# VB- Excel - Datumsfunktion



## xvw (6. Oktober 2005)

Hallo!
bin neu hier, und habe leider 0 plan von VB script *ashamed*
sooo
habe vom ausbilder die aufgabe bekommen, ne Anwesenheitsliste zu erstellen, wo die ausbilder mit hilfe von buttons die felder füllen.

Sprich ich habe jetzt eine Tabelle, wo auf der X-Achse 31 spalten für die Tage sind und auf der Y- Achse n Zeilen für die Azubis.


Da Ausbilder ja eher der fauleren Art angehören, bat mich der Ausbilder noch einen "AutoFill" button zu basteln *gröhl*
da meinte ich, er könne einfach überall anwesend eintragen und die datei für jeden monat speicher- fand er nicht lustig...

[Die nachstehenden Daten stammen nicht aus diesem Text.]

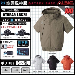 【AT6645-LBS25(24V) セット】_フルハーネス対応-半袖ブルゾン+ファン+日本製24Vバッテリー2025年型set_(空調風神服)

er meinte natürlich, das Wochenenden automatisch gekennzeichnet werden, sowie auch Feiertage.

Also das erste Problem stellt sich mir,  wenn ich mir den Datumskram angucke. 

Das zweite ist darin, dass die Zeilen in der Anzahl variieren ( mehrere Ausbildungsbereiche - mehrere ausbilder )...
und ich daher nicht weiss wie ich die komplette spalte dann fülle.



Wenns sowas schonmal gab, bitte ich euch einfach den link runterzustellen, habs echt gesucht aber net gefunden

Wenn ihr mir so helfen könnt wäre das echt super


MfG

xVw


----------